YOUR GOAL: From the line containing "You can select" down to the last line of the listing, quote everything word for word, and nothing else, keeping pictures out.

RECORDED DATA:
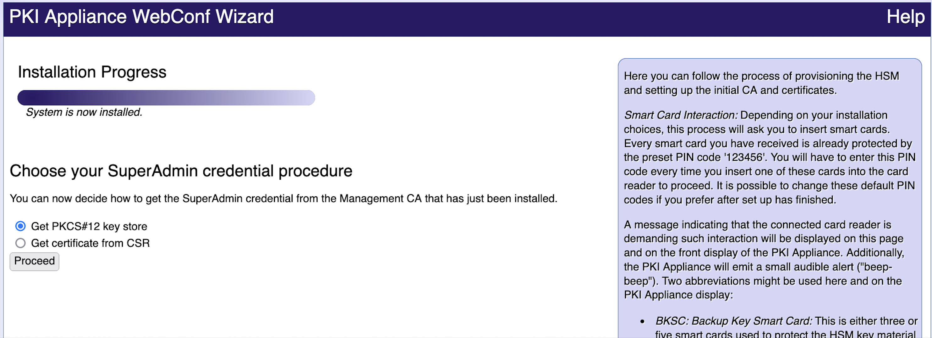 - Step 5: Running WebConf Wizard#Get PKCS#12 key store: The SuperAdmin certificate and corresponding key pair is generated on the Hardware Appliance and manually imported into the browser.
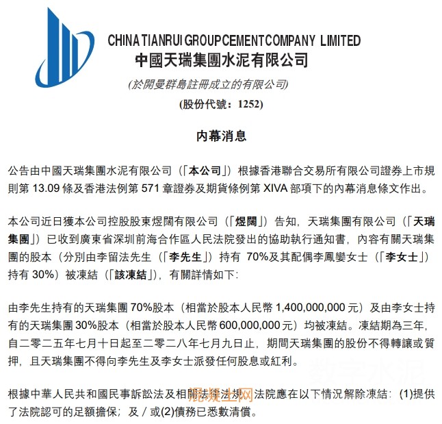 中國天瑞水泥7月20日在港交所公告,收到控股股東煜闊有限公司通知,李留法夫婦所持天瑞集團100%股份被深圳前海合作區人民法院司法凍結。凍結期為3年,自2025年7月10日至2028年7月9日,期間天瑞集團的股份不得轉讓或質押,且天瑞集團不得向李留法夫婦派發任何股息或紅利。
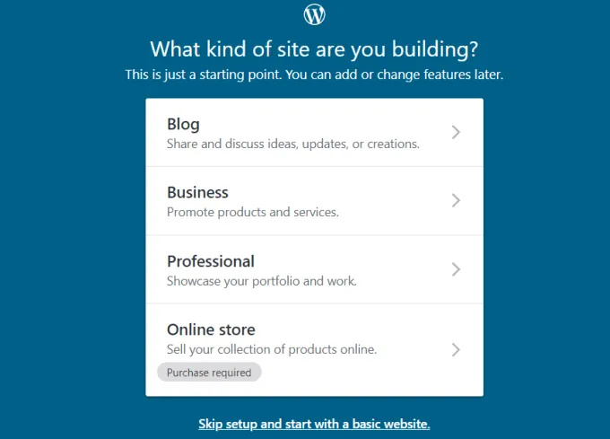 You can select from any of these templates, or just opt to create a site with a basic template.
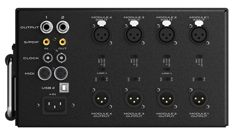 - Chainage possible entre les modules de 1 vers 2 vers 3 vers 4 pour se constituer une tranche de console complète

RESULT:
 You can select from any of these templates, or just opt to create a site with a basic template.
 - Chainage possible entre les modules de 1 vers 2 vers 3 vers 4 pour se constituer une tranche de console complète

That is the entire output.